QWK KCKS is our way of helping you get your day started with a refreshing blast of football culture right in your face.

 

VIDEO: BECAUSE THEY GOT KEI.
KC supporters sing their new song dedicated to forward Kei Kamara at a rally before their MLS playoff game against Colorado. Doo doo doot doot doo doo doot. (YouTube)

 

INTRODUCING MANBOOK UNITED. ER. FACEMANUNITEDBOOK. UM. MANFACEUNITEDBOOK.
Manchester United has hired a digital agency with the goal of building its own branded social network. // EPL Talk

 

IN THIS STORY, ENGLAND PLAYS THE JILTED LOVER.
The Premier League is taking on new markets like so many trophy wives.

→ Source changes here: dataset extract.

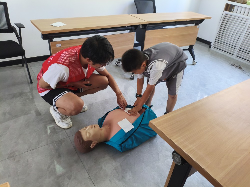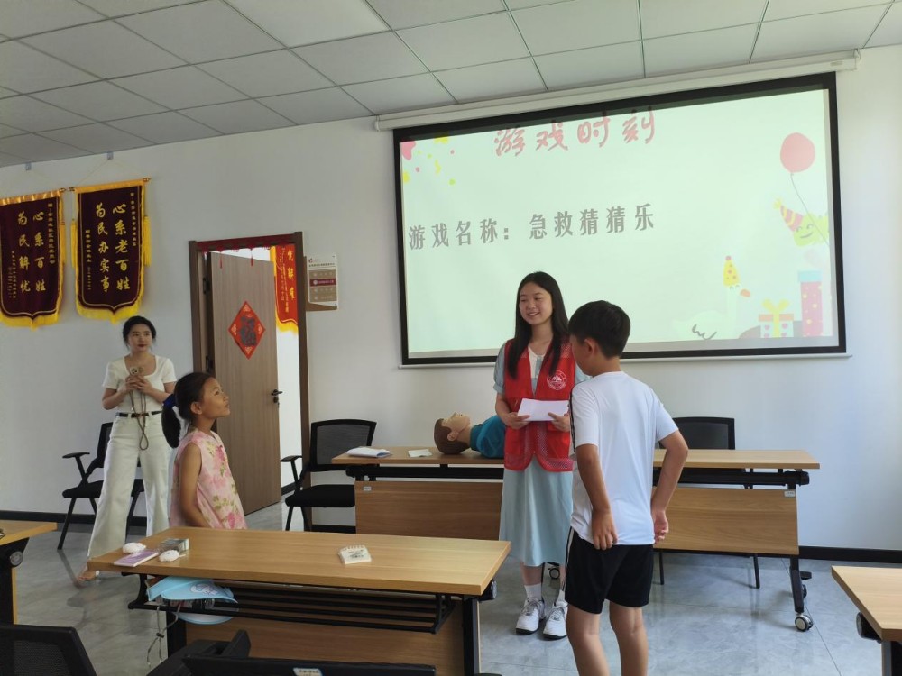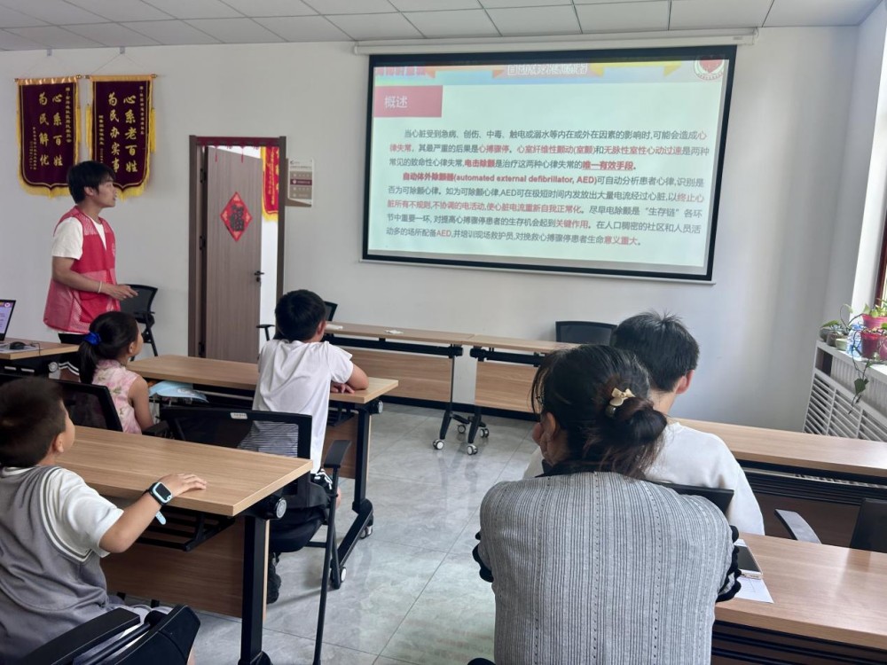 夏日炎炎,卻擋不住社區居民學習急救知識的熱情;顒赢斕,金海灘社區的活動室內人頭攢動,不少家長帶著孩子早早來到現場,期待著這場實用又有趣的急救宣講。山東大學(威海)山海“博時急救”宣傳團的成員們也提前做好了充分準備,從道具擺放、設備調試到流程梳理,每一個細節都力求完美,只為給社區居民帶來一場高質量的急救知識盛宴。
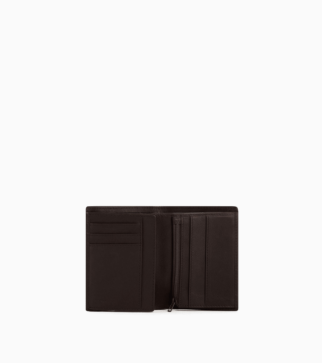 5 poches plates, 1 poche ID, 1 poche monnaie zippée, 2 poches billets et 6 compartiments cartes.

Here’s a thing I wrote. // twofootedtackle

 

OUR HATS ARE OFF, OUR HEARTS GO OUT.
We’re not usually serious around here, but it’s nearly impossible not to want to acknowledge the courage of Doncaster’s Billy Sharp. // Kickette

 

PHOTO: DOES HE EVEN KNOW WHERE THAT THUMB’S BEEN?
Cristiano Ronaldo does the thumb-sucking celebration after scoring against Lyon yesterday. (Reuters)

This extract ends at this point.